Va. Commission Sees Progress with Reducing Student Concussions
Virginia Commission on Youth
RICHMOND, Va. (WVIR) -
The Virginia Commission on Youth hosted a round-table discussion Tuesday. The group is applauding efforts in the past several years to educate parents, teachers and staff about the dangers of concussions.
Taking a hard hit to the head used to be just a part of playing the game in youth football: a quick check from the trainer, and then back onto the field.
Young players are now likely to see a specialist, and wait on the sidelines.
"It's not something, in most instances, you can look at the individual and say, 'we have a problem,'" said Virginia High School League Assistant Director for Compliance Tom Dolan.
Dolan says the VHSL is concerned with the possibility of concussions in all children's sports, but football, then soccer and lacrosse seem to be pose the greatest chances for hard hits.
In recent years, scientists have urged players and coaches not to shrug off possible concussions.
"We're making strides, and we know a lot now about what we didn't know when we first started this journey," said Shane Caswell, PhD, Professor Athletic Training Education Program at George Mason University.
While they are common, experts say concussions should not be taken lightly. Symptoms like trouble concentrating, confusion, and headaches can all be par for the course. However, without proper rest, a concussion can escalate.
"Every little accident can be compounded in the next accident.
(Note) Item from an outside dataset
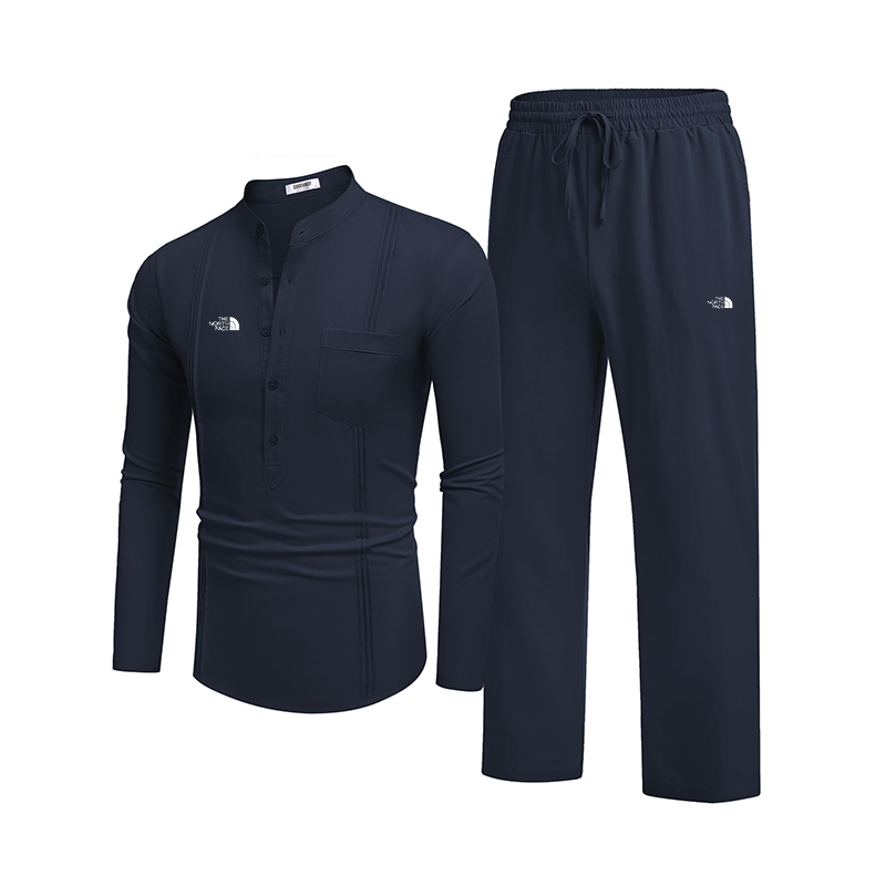 The Nothtrth Face Men's 2 Piece Cotton Linen Suit Casual Long Sleeve Henley Yoga Pants Suit Beach Cuban Outfit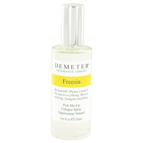 Demeter Freesia Perfume por Demeter, frésia Demeter é uma fragrância floral para mulheres com um aroma refrescante característico. À semelhança de outros lançamentos de Demeter, este perfumeâ s perfil aromático é composto de uma única nota. Freesiaâ s distintivo aroma verde e apimentado tornou a inclusão valorizada em muitas fragrâncias, mas também dá esta mistura uma encantadora e delicada beleza.

And you create that situation where, over time, it becomes a big issue," Dolan said.
Virginia and other states have passed laws to ensure students are not getting back in the game, or even into the classroom too soon.
"Not just number of days, I mean that's important, too, but even lighting. When is it safe to return to a classroom? Or, maybe you can start reading, but under certain lighting," said 41st District Delegate Eileen Filler-Corn (D).
The Virginia Commission on Youth wants to focus on reaching families who do not speak English as their first language, as well as work to ensure safety for athletic activities outside school. Lawmakers said Tuesday they might take these ideas and create new bills for the next session of the General Assembly.